## Task to complete
Each line of the data below between the one containing "Bu vazo, duman" and the one containing "Почему нигде не", both included, is to be repeated exactly. Please omit pictures.
Top of The data
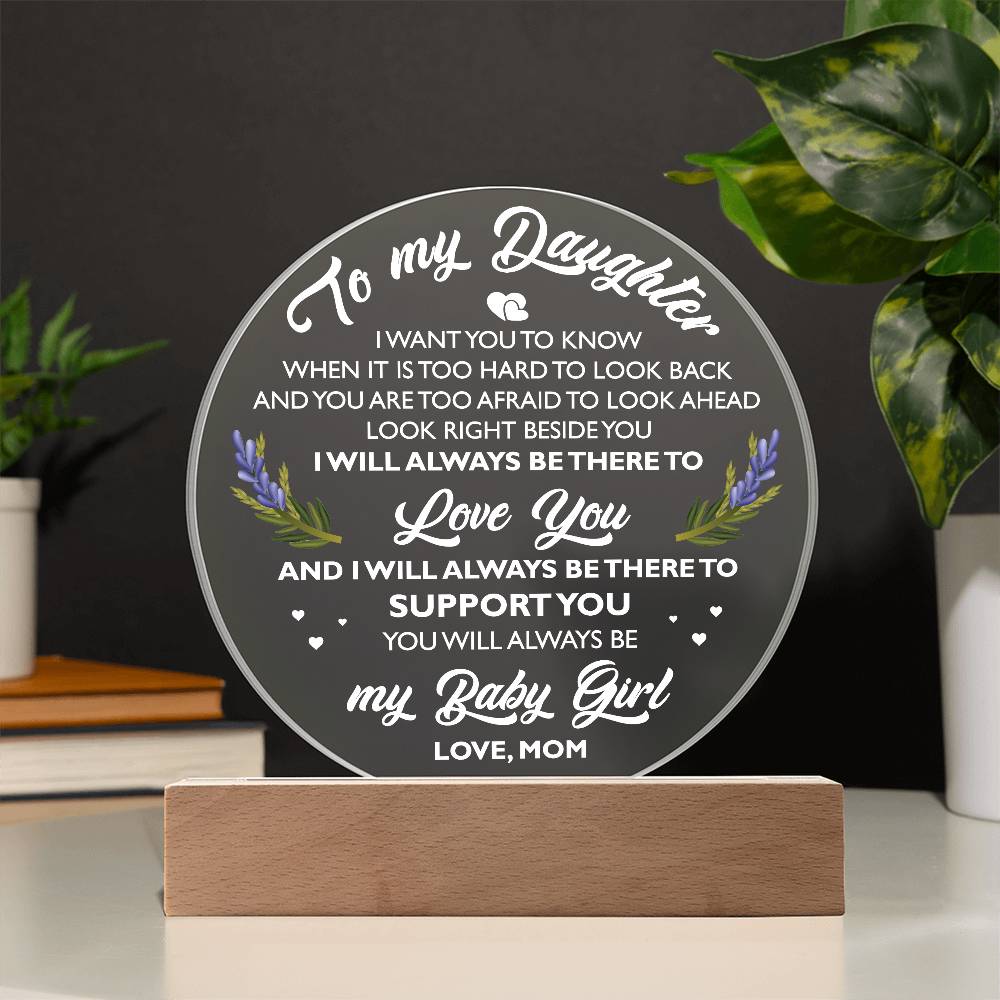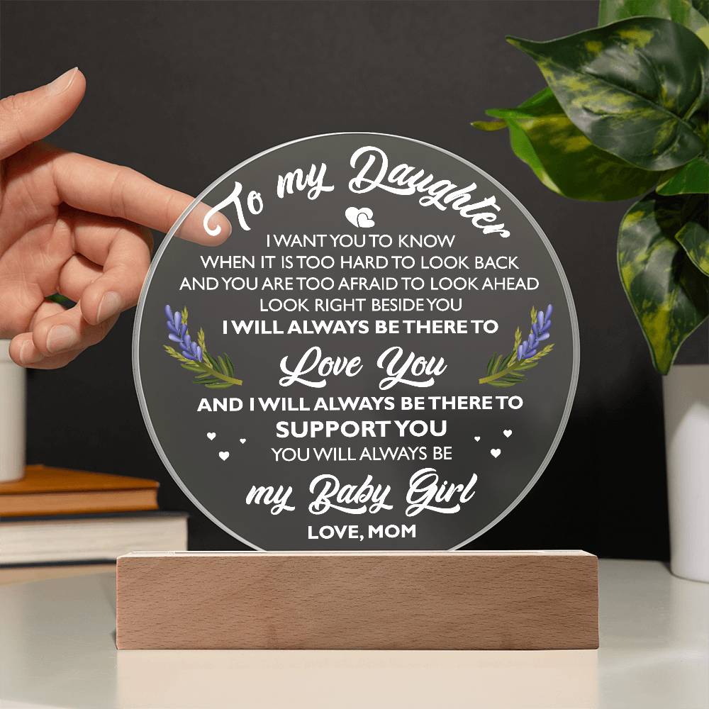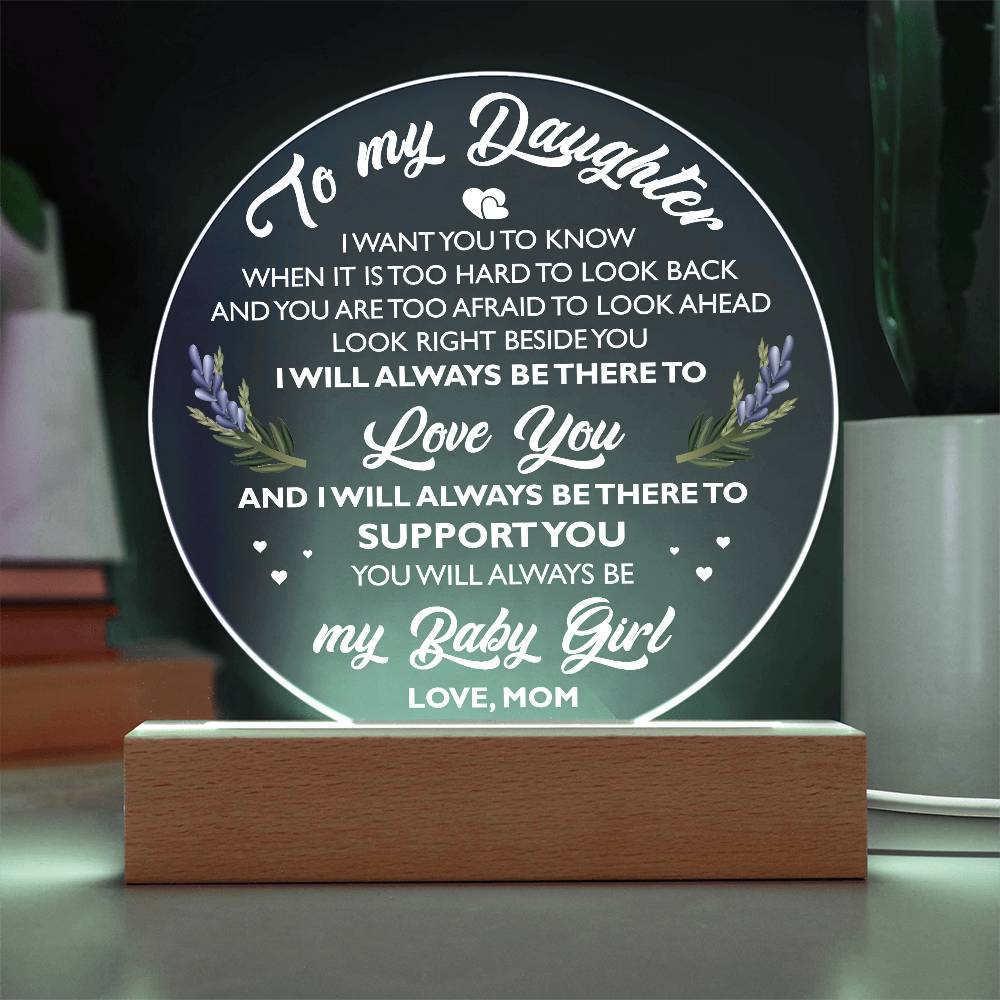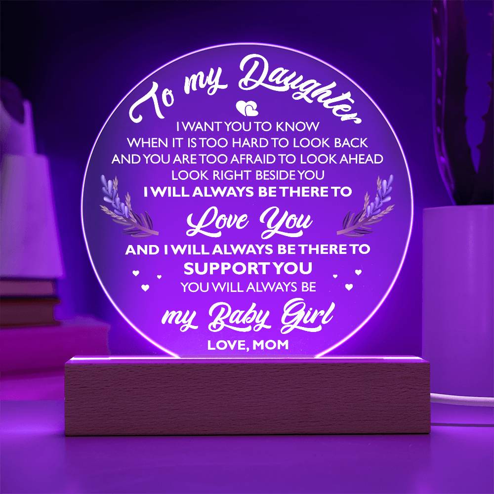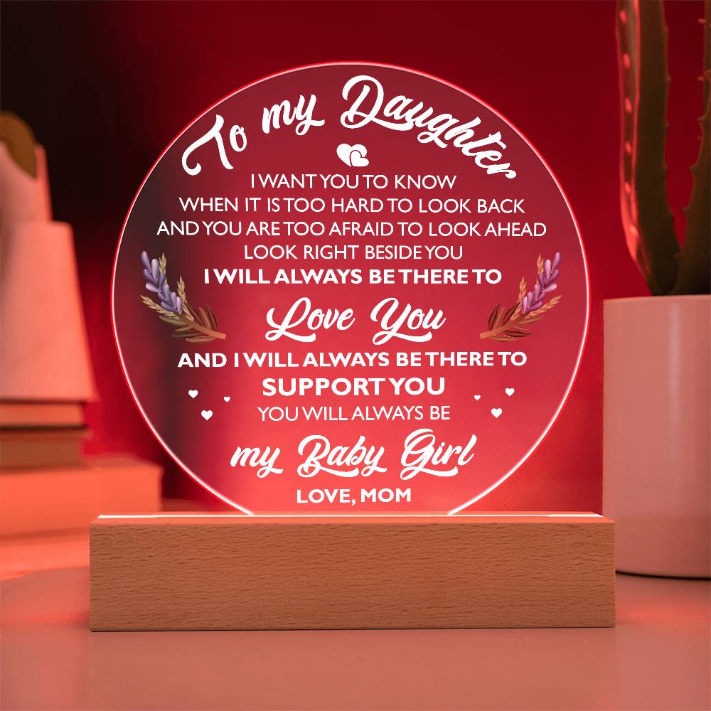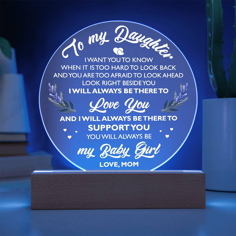 Your plaque will be crafted from premium acrylic with a professionally printed design for a polished look. It comes with a stylish wooden LED base, and you can choose between a USB plug-in option OR a cordless battery-operated option (requires 2 AAA batteries, not included). Both LED bases feature 7 vibrant colors, allowing the user to customize the lighting with various color changes and dynamic cycles.
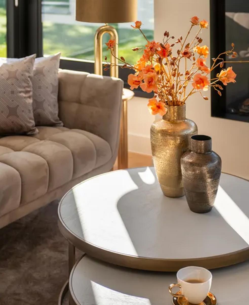 Bu vazo, duman siyahı rengi ve vazodaki detaylar nedeniyle lüks, zarif bir iç mekan tarzına mükemmel uyum sağlar.
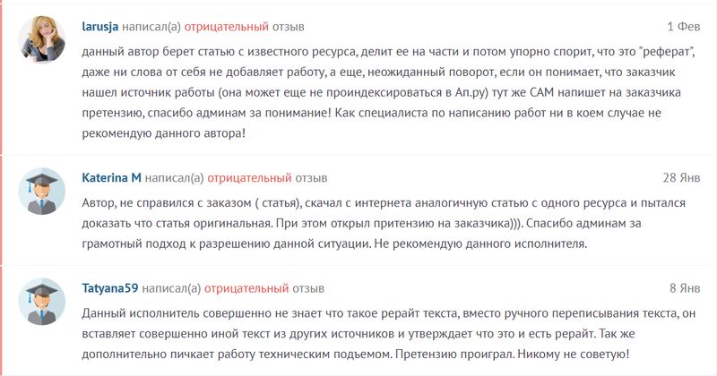 Почему нигде не написано, что будет, если упоминать тут разные сайты Авторов с цифрами? Справедливости ради надо сказать, что при работе там вышелписанных проблем у меня не было, потому что рейтинг автора, регистрация просрочки и не удаляемые через один отрицательные отзывы хотя бы примерно отражает, чего от исполнителя можно ожидать.
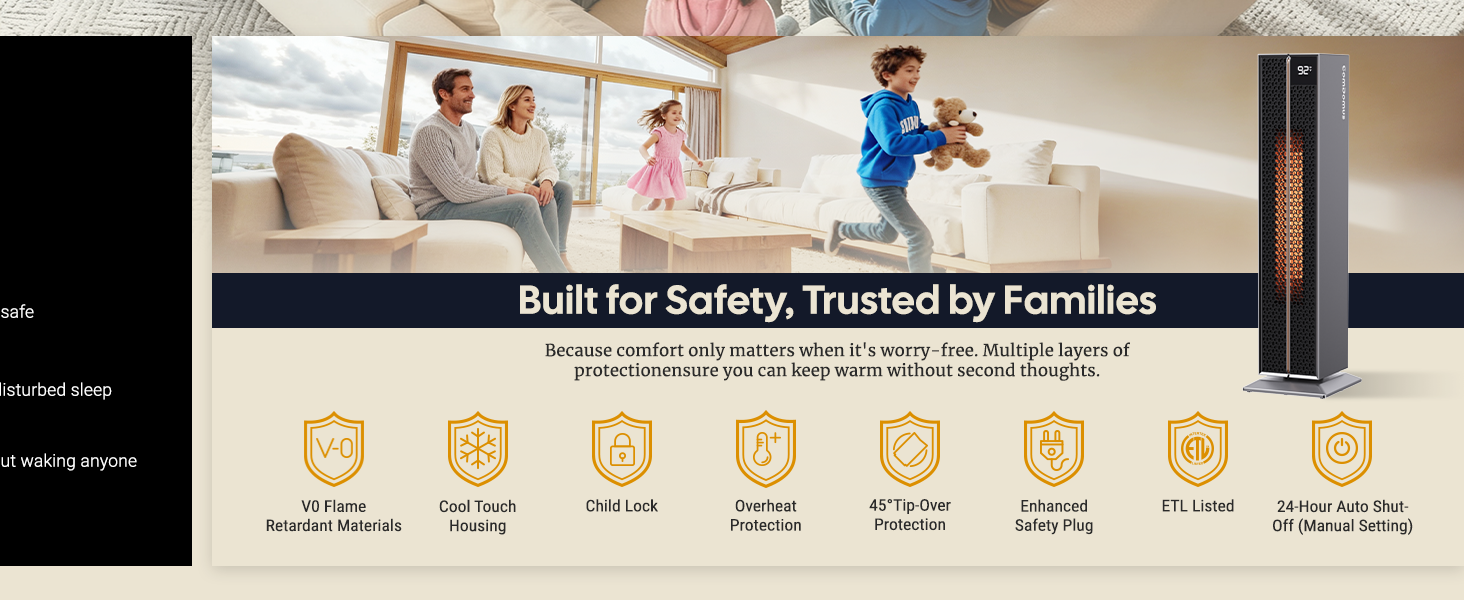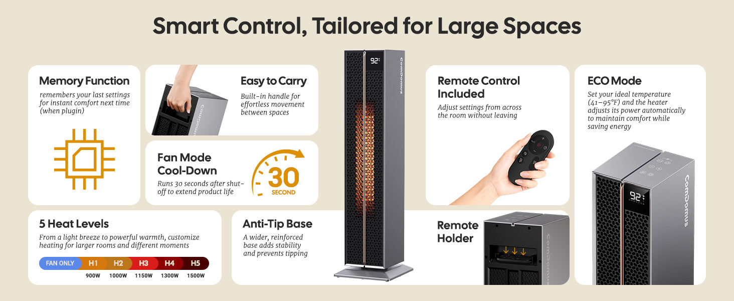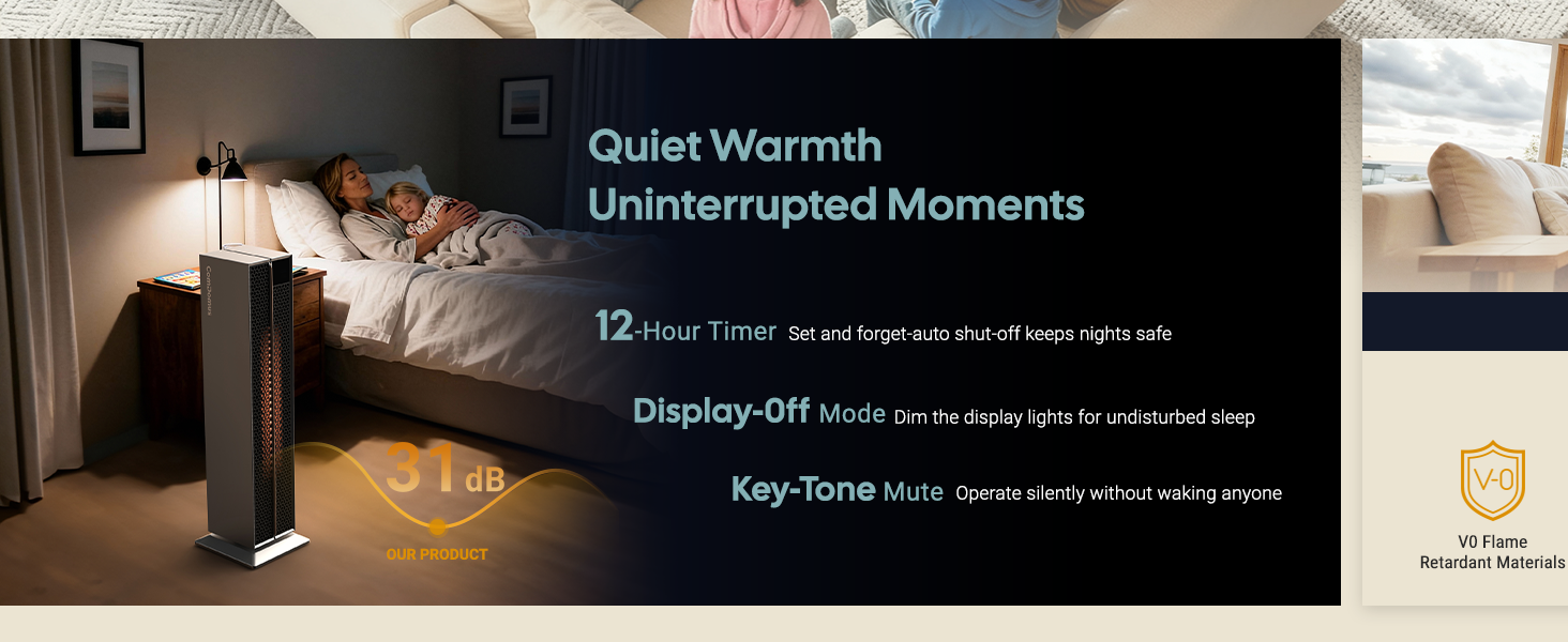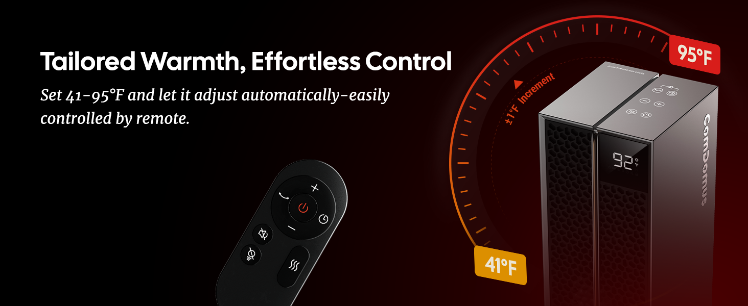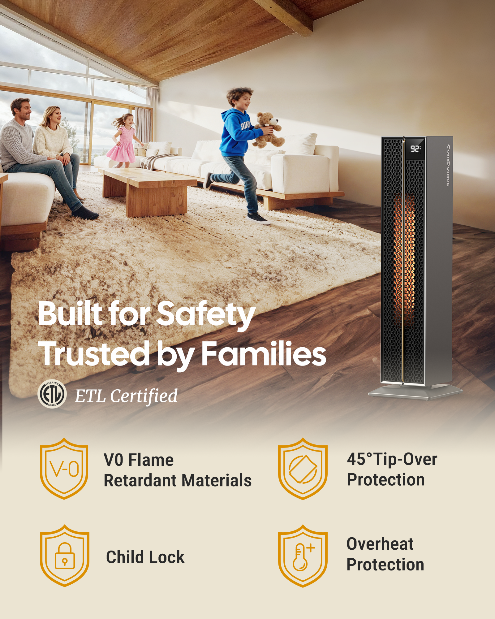 Durable comfort, day after day, from a 2-second rapid heat-up to a 1–12 hour timer and 24h auto shut-off
Bottom of The data
## Your solution
 Bu vazo, duman siyahı rengi ve vazodaki detaylar nedeniyle lüks, zarif bir iç mekan tarzına mükemmel uyum sağlar.
 Почему нигде не написано, что будет, если упоминать тут разные сайты Авторов с цифрами? Справедливости ради надо сказать, что при работе там вышелписанных проблем у меня не было, потому что рейтинг автора, регистрация просрочки и не удаляемые через один отрицательные отзывы хотя бы примерно отражает, чего от исполнителя можно ожидать.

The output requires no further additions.